Effects of gun control
Short-term effects of more gun control laws often have the opposite effect on gun ownership. During Obama’s presidency, gun ownership was its highest, despite President Obama’s efforts to enforce stricter gun laws (Hindman). This is mainly due to the fact that people were afraid of government crackdown on firearms and wanted to stock up. This isn’t just a rare occurrence. Every time gun control gets tighter, more people buy firearms. After the Sandy Hook massacre, gun sales skyrocketed in Connecticut. Contrarily, short-term effects of little to no gun control result in more deaths per year and an increase of mass shootings (Hindman).
Alternatively, long-term effects of gun control laws tell a different story. States that have stricter laws have lower gun related deaths as opposed to states with very little gun control (FBI). New York and California tend to have the strictest laws in the country and spend a lot more money on healthcare and education compared to states like Florida. Long term effects of little to no gun control would result in significantly more deaths per year (Welch, Ashley).
The debate over gun control is one of the most controversial topics, dividing most Americans. It is important to understand both the positives and negatives of gun control.
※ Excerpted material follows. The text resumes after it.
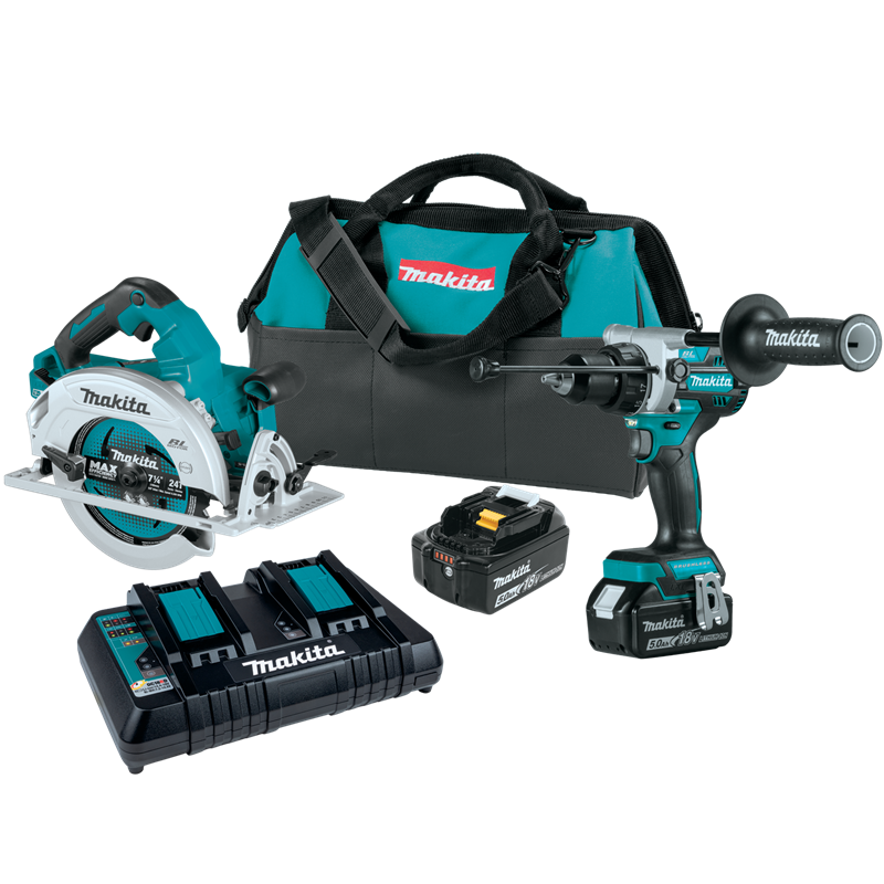 18V LXT® Brushless 2-Piece Combo Kit (model XT290PT) gives you two brushless solutions for drilling, driving and fastening. Each tool features an efficient Makita BL™ Brushless Motor that is electronically controlled for longer run time, increased power and speed, and longer tool life. The combo kit includes a 1/2" Hammer Driver-Drill with a full 1,250 in.lbs. of Max Torque for the most demanding applications in wood, metal and masonry. The kit also includes a 7-1/4" Circular Saw delivers 6,000 RPM and features a large 2-5/8” cutting capacity at 90°. The 18V LXT® Lithium-Ion 5.0Ah batteries have the fastest charge times in their category, and for increased convenience they include an on-board L.E.D. charge level indicator.

There are many positive impacts caused by gun control. For starters, a positive aspect of gun control is that banning high powered automatic assault rifles reduces gun homicide and reduces the amount of deaths in a mass shooting (National Center for Health Statistics). Another reason why gun laws should be in place is because guns are rarely used in self-defense (National Institute of Justice). Only .80% of victims out of 30,000,000 violent crimes committed between 2007 and 2011 were able to effectively defend themselves with a firearm (Welch). Lastly, gun laws that require safety features and mechanisms effectively reduce accidental deaths by nearly double (National Rifle Association).
Looking at the negative impact of gun control is just as important as looking at the positives. Stricter gun control laws do not affect the suicide rate. A study found that more people use firearms to commit suicide, however, in places where guns are extremely hard to get, the suicide rate stayed the same (National Institute of Justice). The reason being is if someone wants to commit suicide they will do whatever it takes, unfortunately. A firearm just makes it faster and easier for the individual. Another negative aspect to gun control is that gun laws will not prevent criminals from obtaining guns (National Institute of Justice). Criminals usually do not care about breaking the law to obtain a firearm. They will do whatever fits their means. A common argument for this is that gun control laws take guns away from law-abiding citizens, where as the criminal is willing to break the law (National Rifle Association).
The importance of understanding gun control cannot be stressed enough. Gun control affects everyone whether they own a firearm or not. The reason it affects everyone is because of security and protection. Gun control provides more security against gun violence; however, ownership of a gun provides personal protection as well. Every law needs to be carefully thought out to protect the public but also not infringe on people’s gun rights. In order for positive change to occur, people need to become mindful and unbiased in their decision-making.